The theory of gravity is only one of the many examples that illustrate the miraculous suitability and astonishing accuracy of the mathematical formulation of the laws of nature. In this case, as in numerous others, what we got out of the equations was much more than what was originally put in. The accuracy of both Newton’s and Einstein’s theories proved to far exceed the accuracy of the observations that the theories attempted to explain in the first place.
Perhaps the best example of the astonishing accuracy that a mathematical theory can achieve is provided by quantum electrodynamics (QED), the theory that describes all phenomena involving electrically charged particles and light. In 2006 a group of physicists at Harvard University determined the magnetic moment of the electron (which measures how strongly the electron interacts with a magnetic field) to a precision of eight parts in a trillion. This is an incredible experimental feat in its own right. But when you add to that the fact that the most recent theoretical calculations based on QED reach a similar precision and that the two results agree, the accuracy becomes almost unbelievable. When he heard about the continuing success of QED, one of QED’s originators, the physicist Freeman Dyson, reacted: “I’m amazed at how precisely Nature dances to the tune we scribbled so carelessly fifty-seven years ago, and at how the experimenters and the theorists can measure and calculate her dance to a part in a trillion.”

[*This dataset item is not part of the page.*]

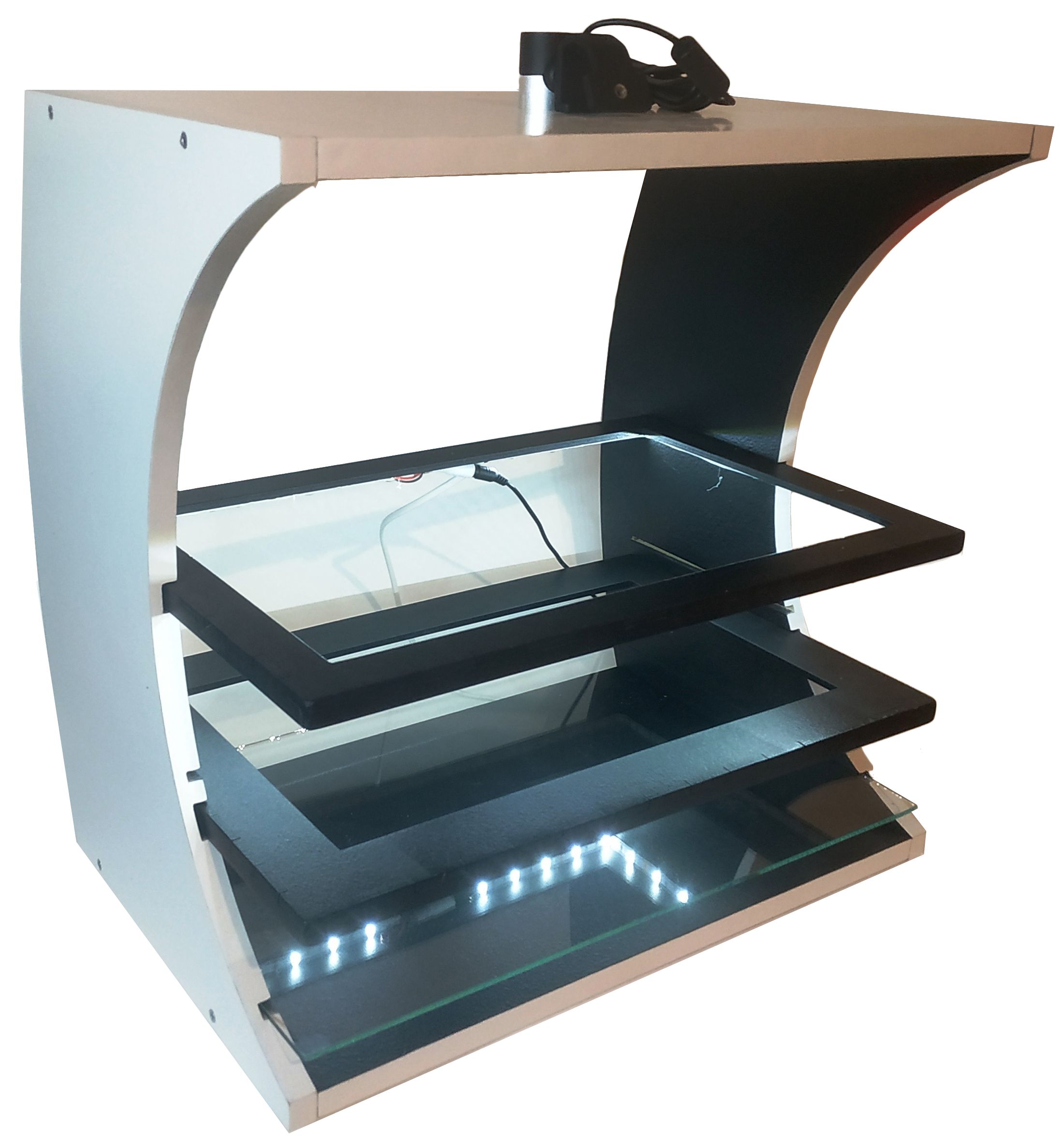 - мультстанок: 490х485х360 мм, с антибликовым покрытием и освещением по периметру,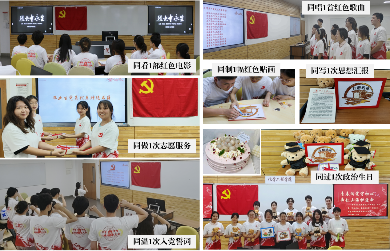 6月25日晚上7点,本科社区党支部全体成员在活动现场,开展了红色“七个1”活动。同过1次政治生日,以支部成立10周年为时间节点,全体党员强化责任与担当,永葆党员本色;同唱1首红色歌曲,全体党员合唱《没有共产党就没有新中国》,用旋律唤起红色记忆,用歌词净化淳朴心灵;同看1部红色电影,全体党员观影《烈火中永生》,弘扬江姐精神,传承红色基因;同制1幅红色贴画,低年级党员用五谷杂粮粘贴出“红船”表达爱党之情,毕业生党员贴出“廉”字共扬廉洁风;同做1次志愿服务,毕业生党员向低年级学生党员捐赠旧书,回馈学院、感恩母校;同写1次思想汇报,毕业生党员牢记嘱托学思想,挺膺担当建新功;同温1次入党誓词,全体党员高擎右拳铮铮誓言,不忘初心牢记使命。

But accuracy is not the only claim to fame of mathematical theories—predictive power is another. Let me give just two simple examples, one from the nineteenth century and one from the twentieth century, that demonstrate this potency. The former theory predicted a new phenomenon and the latter the existence of new fundamental particles.
James Clerk Maxwell, who formulated the classical theory of electromagnetism, showed in 1864 that the theory predicted that varying electric or magnetic fields should generate propagating waves. These waves—the familiar electromagnetic waves (e.g., radio)—were first detected by the German physicist Heinrich Hertz (1857–94) in a series of experiments conducted in the late 1880s.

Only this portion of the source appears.